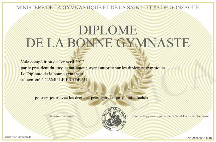 Envoyez par email votre Diplôme de la bonne gymnaste personalisé
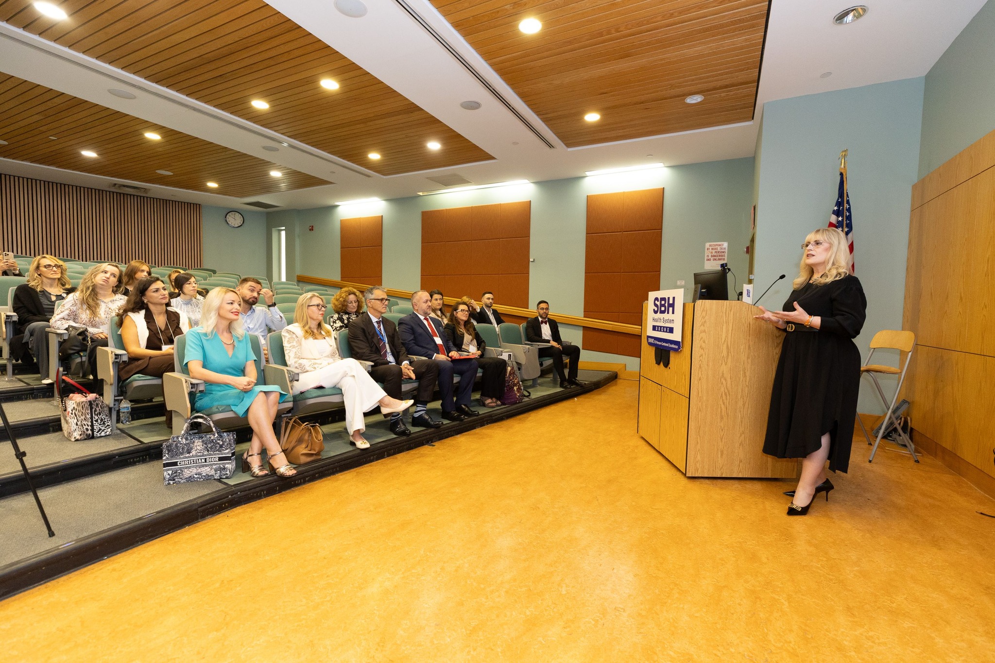 Roberta Panariti handing the check of 15,300 to BWH dr. Aliaj
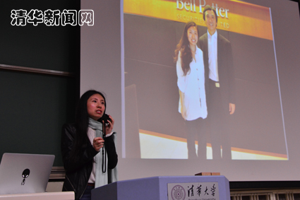 图为余莹做演讲。研通社记者 谢奇珂 摄

-=-=-=-=-

**What to work on**: All of the material above must be given again verbatim, except for the pictures.

**Written solution**:
 Envoyez par email votre Diplôme de la bonne gymnaste personalisé
 Roberta Panariti handing the check of 15,300 to BWH dr. Aliaj
 图为余莹做演讲。研通社记者 谢奇珂 摄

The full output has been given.